> [WHAT YOU SHOULD DO]: Here the job is to copy the data exactly and to exclude every image from it.

> [GIVEN INFORMATION]:

• • • •

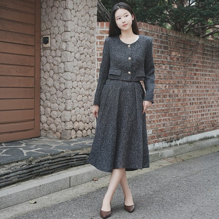 비비디아 여성 트위드 자켓 A라인 롱스커트 투피스 세트 하객룩 오피스룩 격식룩 5562
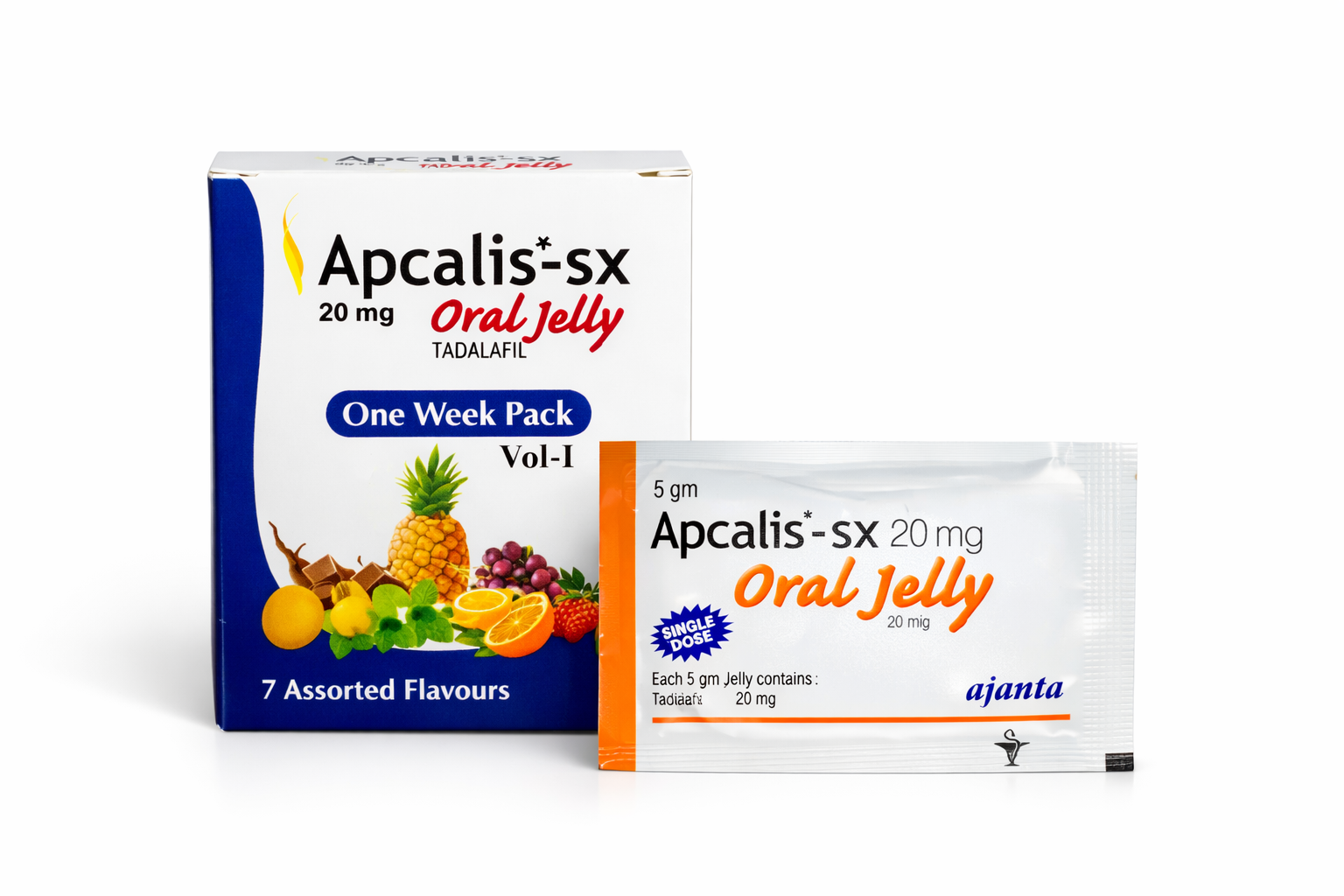 Apcalis-SX Oral Jelly 20mg contains Tadalafil, a fast-acting treatment for erectile dysfunction. Convenient oral jelly sachet that helps improve blood flow and support stronger erections.
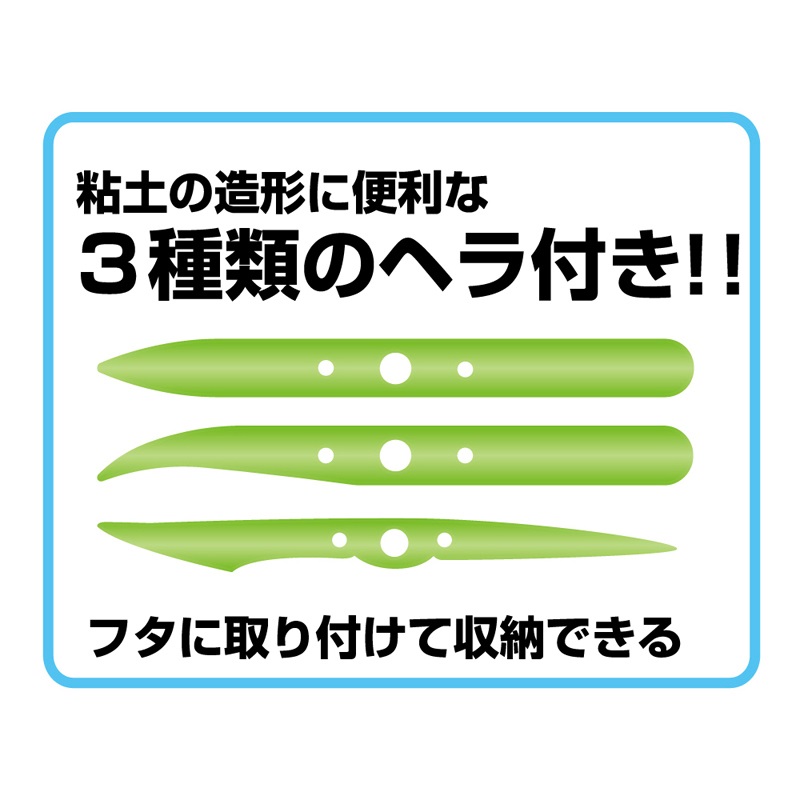 ・ケースの蓋裏に3種類のへらをセット。利便性と収納性がアップ ・へらは造形に便利な形状を採用

• • • •

> [EXERCISE RESULT]:
 비비디아 여성 트위드 자켓 A라인 롱스커트 투피스 세트 하객룩 오피스룩 격식룩 5562
 Apcalis-SX Oral Jelly 20mg contains Tadalafil, a fast-acting treatment for erectile dysfunction. Convenient oral jelly sachet that helps improve blood flow and support stronger erections.
 ・ケースの蓋裏に3種類のへらをセット。利便性と収納性がアップ ・へらは造形に便利な形状を採用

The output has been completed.